A new meta-analysis of existing studies shows that a technique called repetitive transcranial magnetic stimulation might be a useful tool to help stroke survivors regain the ability to walk independently.

senior woman learning to walk again after stroke

A brain stimulation technique may help stroke survivors walk faster and more easily.

Repetitive transcranial magnetic stimulation (rTMS) is a noninvasive brain stimulation technique; magnetic coils are placed on a person’s scalp, and short electromagnetic pulses are delivered to specific brain areas through the coil.

Although these pulses only cause an almost imperceptible “knocking or tapping” sensation for the patient undergoing the procedure, they reach into the brain, triggering electric currents that stimulate neurons.

rTMS has mainly been used to treat psychosisdepressionanxiety, and other mood disorders with a fair degree of success. In a recent study, more than one third of people living with auditory verbal hallucinations — a marker of schizophrenia — reported a reduction in their symptoms following the procedure.

But researchers have also been delving into the potential that the technique has for improving life after stroke. Four years ago, for instance, a team of researchers at The Ohio State University Wexner Medical Center in Columbus used rTMS to improve arm movement in people who had experienced a stroke, and more studies have explored this therapeutic potential since.

Now, a team of researchers — jointly led by Dr. Chengqi He, of Sichuan University in the People’s Republic of China, and Shasha Li, of Massachusetts General Hospital and Harvard Medical School, both in Boston, MA — set out to review these studies.

Dr. He and colleagues wanted to see if the technique improved motor skills for people who had stroke; to do so, the researchers examined the impact rTMS has on walking speed, balance, and other key factors for post-stroke rehabilitation.

The findings were published in the American Journal of Physical Medicine & Rehabilitation, the official journal of the Association of Academic Physiatrists.

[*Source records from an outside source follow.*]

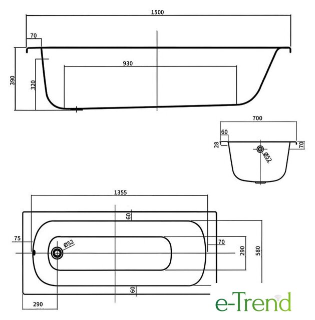 | Глубина ванны | 39 см |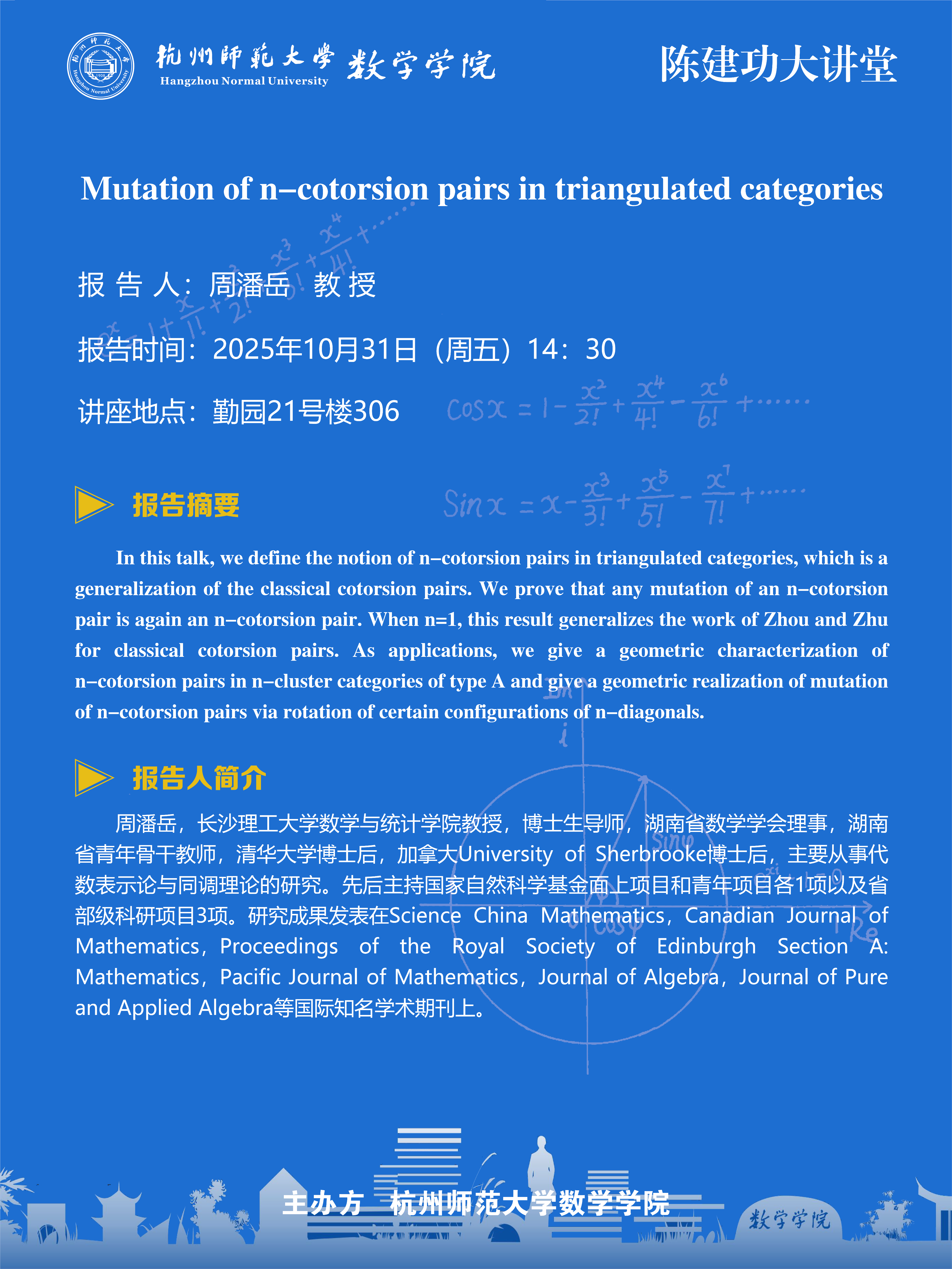 陈建功大讲堂(2025-109):Mutation of n-cotorsion pairs in triangulated categories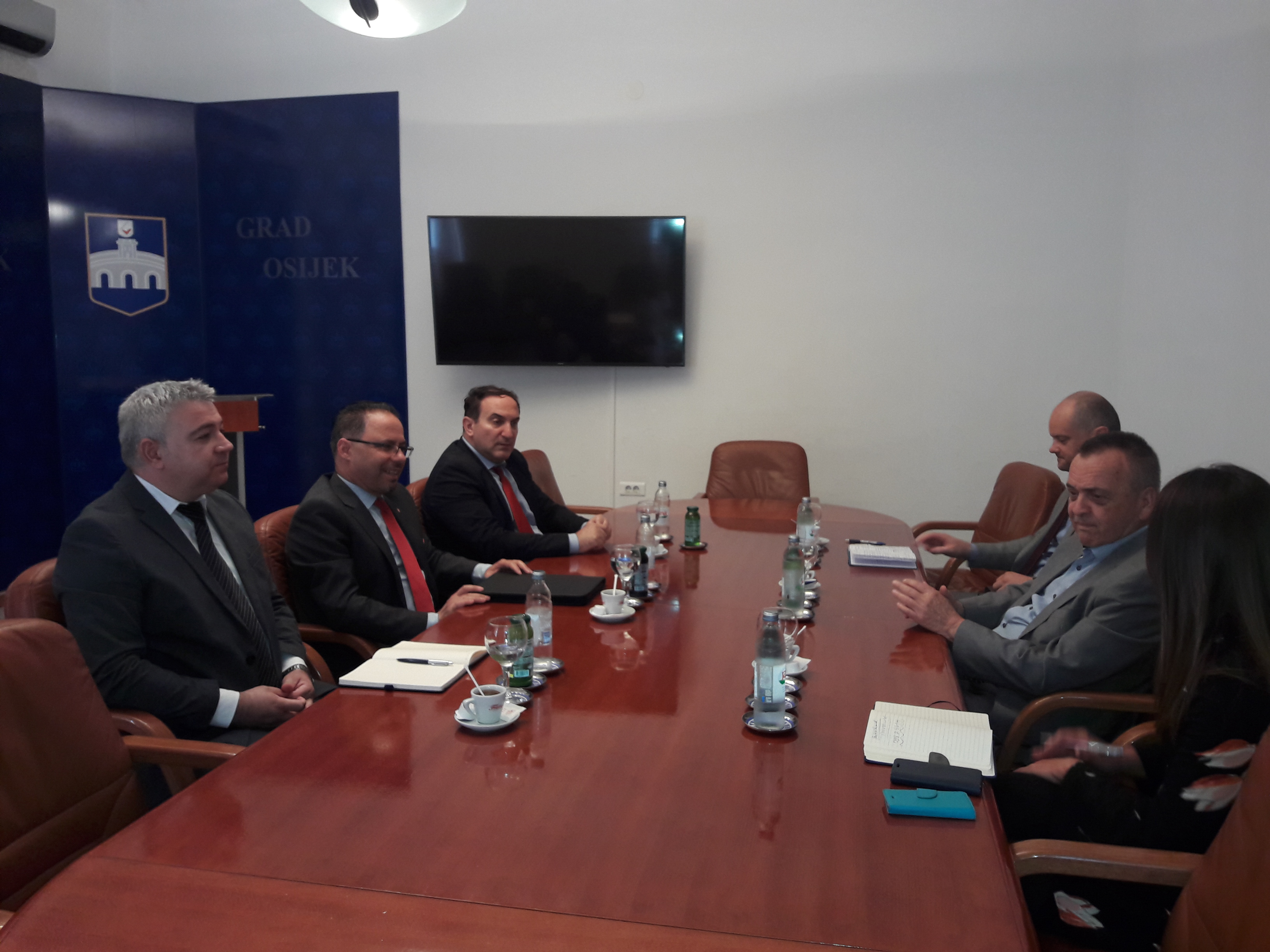 Razgovaralo o mogućnostima produbljivanja suradnje gradova Elbasana i Osijeka, koji su Sporazum o prijateljstvu i suradnji potpisali tijekom 2015. godine. Naglašena je važnost suradnje posebice u okviru EU projekata, kao i o mogućnostima uspostave gospodarske suradnje, u području turizma, gastronomiji i proizvodnji vina, a za što su Albanci izrazito zainteresirani. Veleposlanik Mela naglasio je kako mu ovo nije prvi put da posjećuje Osijek i kako tijekom svakog svoga posjeta uoči mnoge prilike za suradnju dvaju zemalja.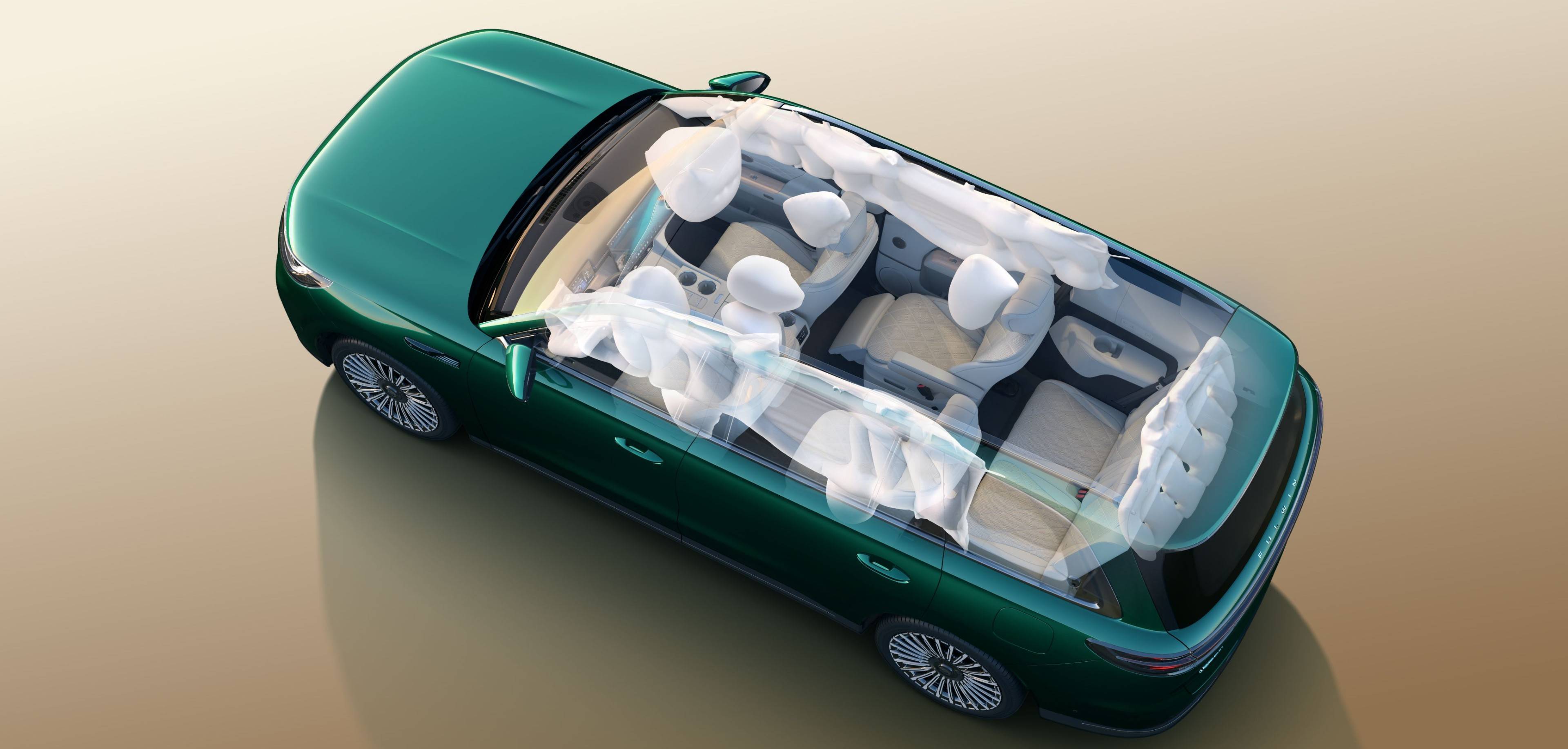 此外,风云 T11 全车共拥有 11 个安全气囊,与常规布局相比,增加了后风窗安全气囊、2.2米超长侧气帘、L型附加跃屏式气囊,以及双腔远端气囊等。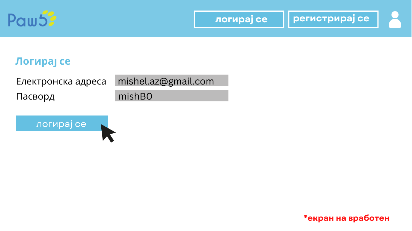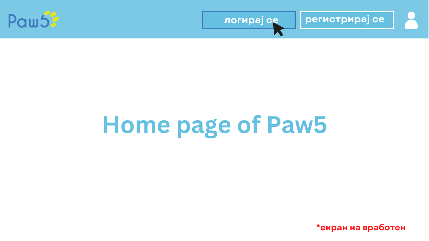 - На корисниците им се прикажува почетната страна на веб-сајтот на која има опција да се регистрираат или најават.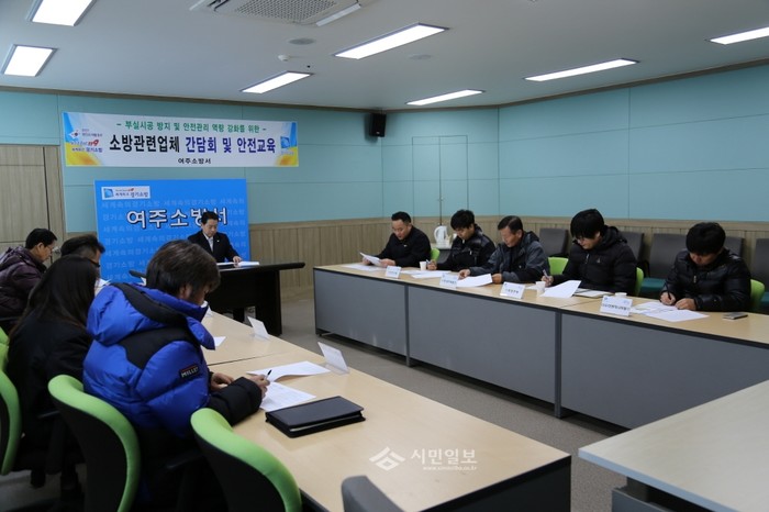 경기 여주소방서는 29일 청렴도 향상 및 안전문화 정착을 위해 소방공사업체를 대상으로 간담회를 개최했다고 밝혔다. 사진은 간담회에 참석한 관계자들이 토론을 하는 모습.(사진제공=여주소방서)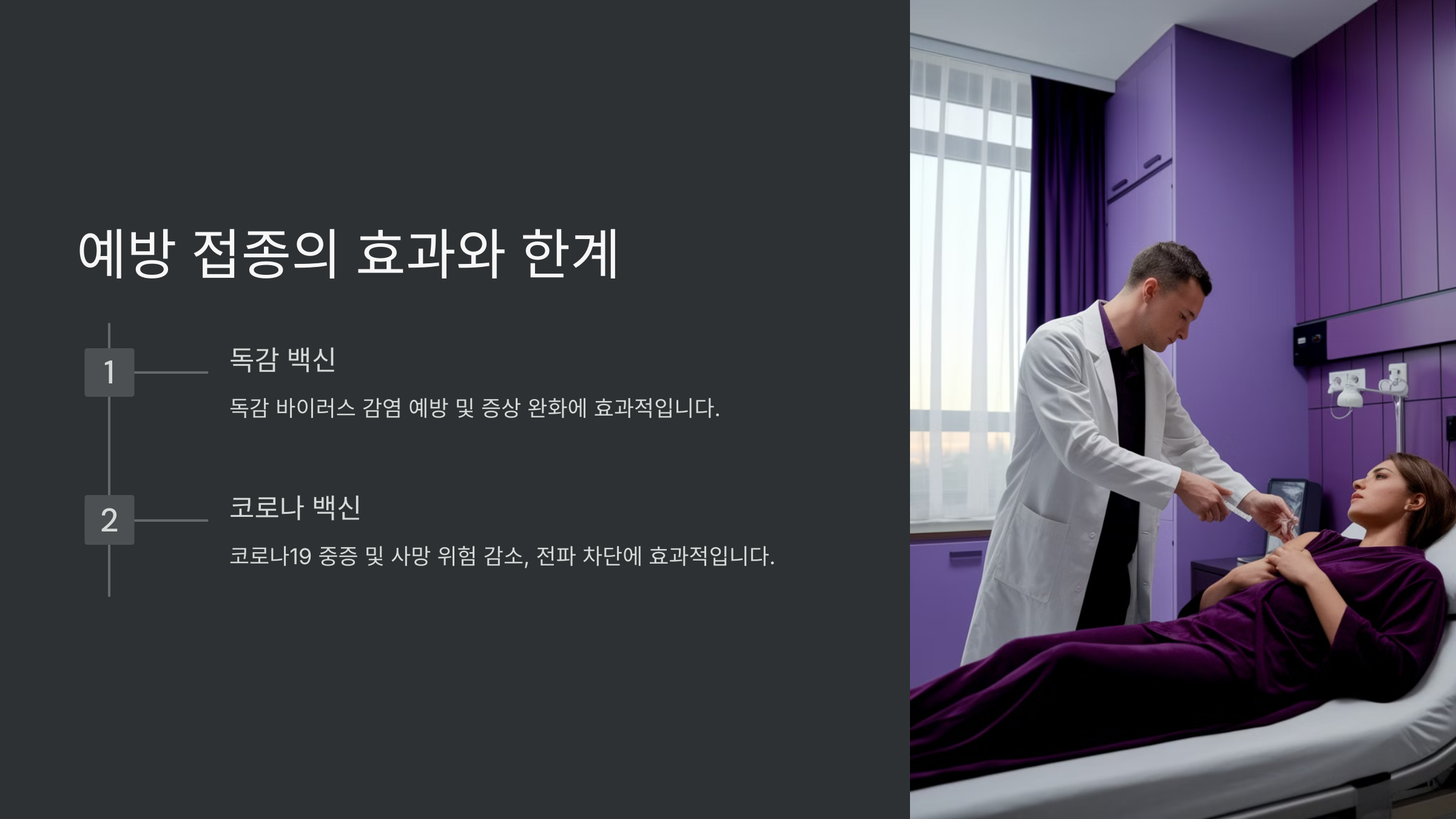 | 독감 백신 접종 | 독감 예방 효과, 동시 감염 위험 감소 |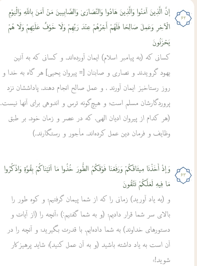 برای امروز آیات ۶۱ الی ۶۳ سوره بقره را میخوانیم: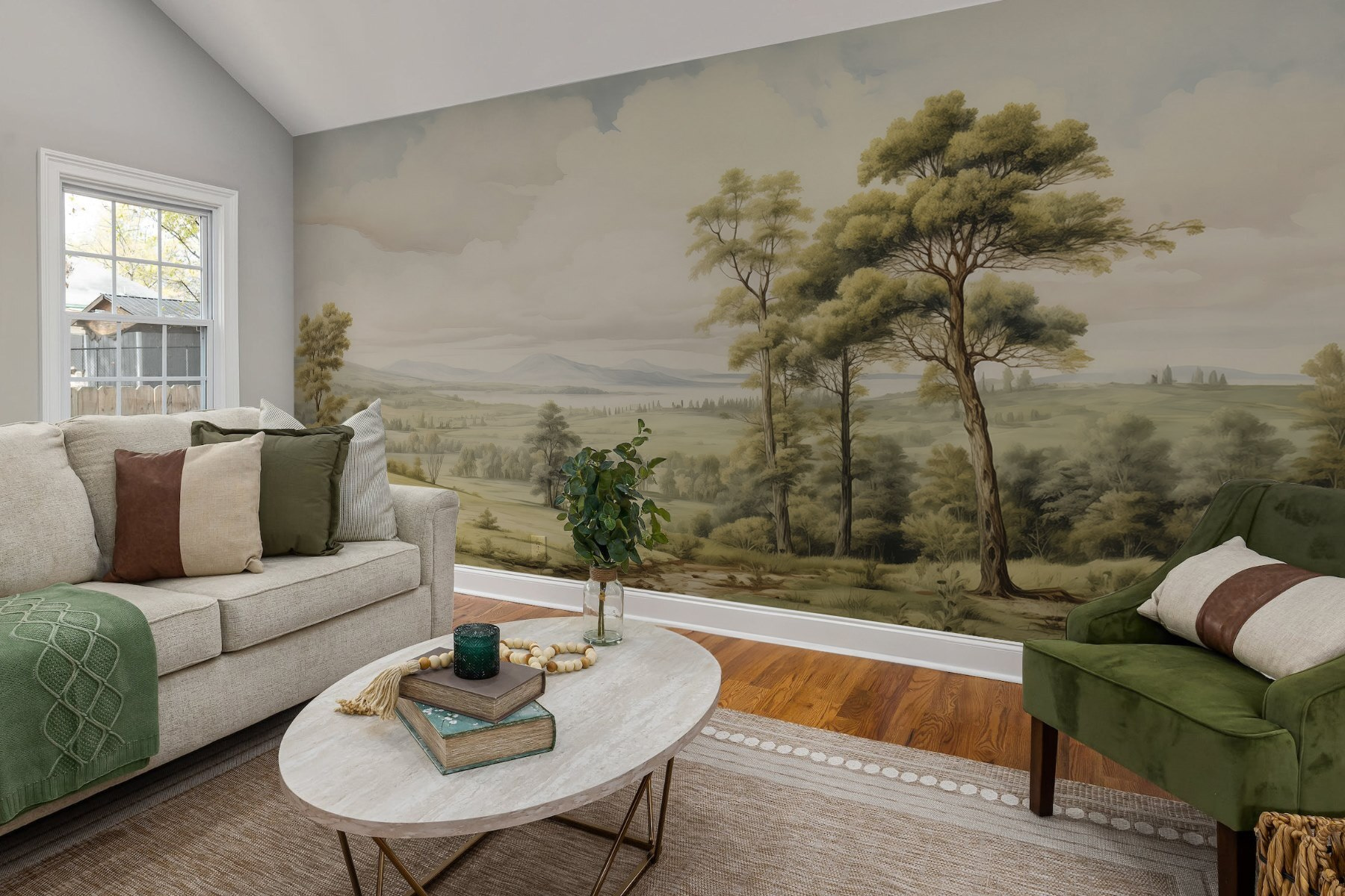 Transform your space with this stunning wall mural, “Landscape with Trees and Hills.” Imagine stepping into a serene landscape, where gentle hills meet towering trees—just what a room needs for that touch of nature. It’s like bringing the outdoors inside without worrying about watering plants or pesky bugs. Picture a cozy reading nook where this mural sets the perfect backdrop, or maybe a dining area that feels like an elegant picnic. The soft colors soothe while sparking chatter. Friends might even ask if they can move in. It’s décor that invites dreams and stories—who doesn’t love that? Get ready to breathe new life into your walls!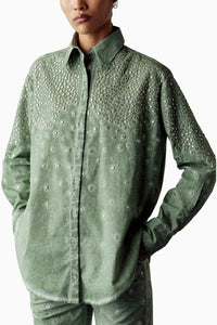 Featuring the Green Overdyed Mirror Embellished Shirt by Mellow Drama, this 100% cotton overdyed shirt is adorned with mirror embellishments on the front and sleeves. It offers a front opening with buttons, full sleeves with cuff and buttons, and a comfortable regular fit. Elevate your fashion game!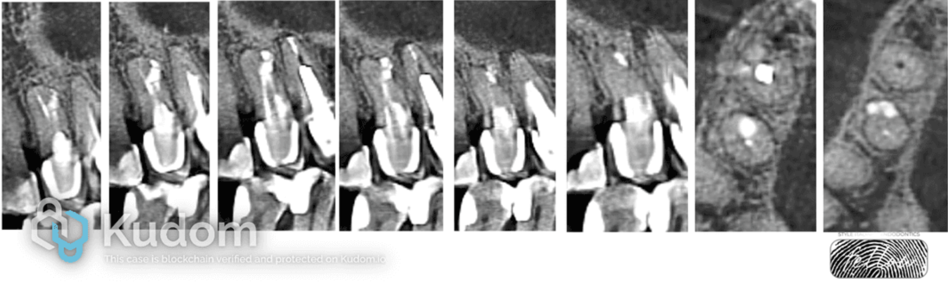 After 5 years, a CBCT scan was performed, revealing complete elimination of the pathological focus with restoration of the lamina dura and a normal periodontal ligament space around the entire root perimeter. This indicates the successful outcome of the ROOT-CROWN-TISSUE concept.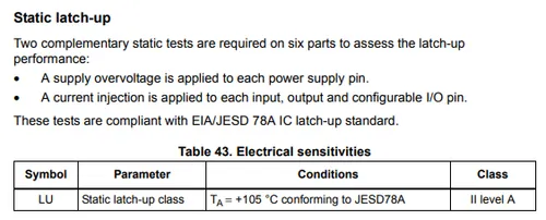 ICs are sometimes tested against the EIA/JESD 78A IC latch-up standard and the IC is provided with a latch-up class. The tests involve: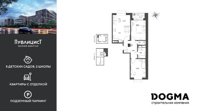 Продаётся 2-комнатная квартира в строящемся доме (Корпус 4), срок сдачи: IV-кв. 2026, общей площадью 61.9 кв.м., на 8 этаже. Расположение, транспортная доступность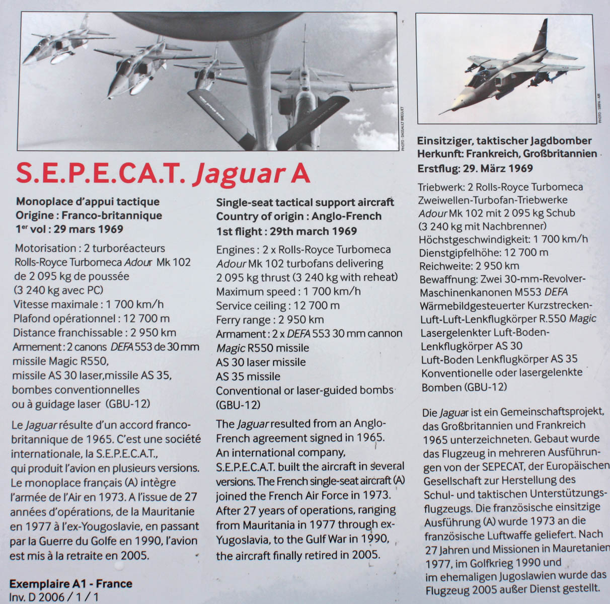 Очередной экспонат из французского музея Le Bourget, самолёт "Jaguar A". Про музей можно посмотерть общий обзор здесь

rTMS ‘significantly improves walking speed’

Dr. He and team reviewed nine studies of rTMS — including five randomized controlled trials — which were published between 2012 and 2017.

The people who participated in these studies had either had an ischemic stroke — that is, a stroke caused by a blood clot in one of the brain’s arteries — or a hemorrhagic stroke — that is, one caused by bleeding within the brain.

Of the nine studies, six included data on the walking speed of 139 stroke survivors. The researchers carried out a pooled analysis of these studies, and the results revealed that rTMS “significantly improves walking speed.”

This improvement was greater among people who received stimulation on the same side of the brain that the stroke occurred. By contrast, those who received rTMS on the opposite side did not see any improvement.

Other key health outcomes for stroke survivors such as balance, motor function, or brain responsiveness did not show any improvement as a result of rTMS.

In the United States, it is estimated that almost 800,000 people annually have a stroke, which makes the condition a leading cause of long-term disability in the country. More than half of the seniors who survived a stroke have reduced mobility as a result.

Although the review shows that rTMS is a promising strategy for restoring independent walking, the authors say that more research is needed. Dr. He and colleagues conclude:

Future studies with larger sample sizes and an adequate follow-up period are required to further investigate the effects of rTMS on lower limb function and its relationship with changes in cortical excitability with the help of functional neuroimaging techniques.”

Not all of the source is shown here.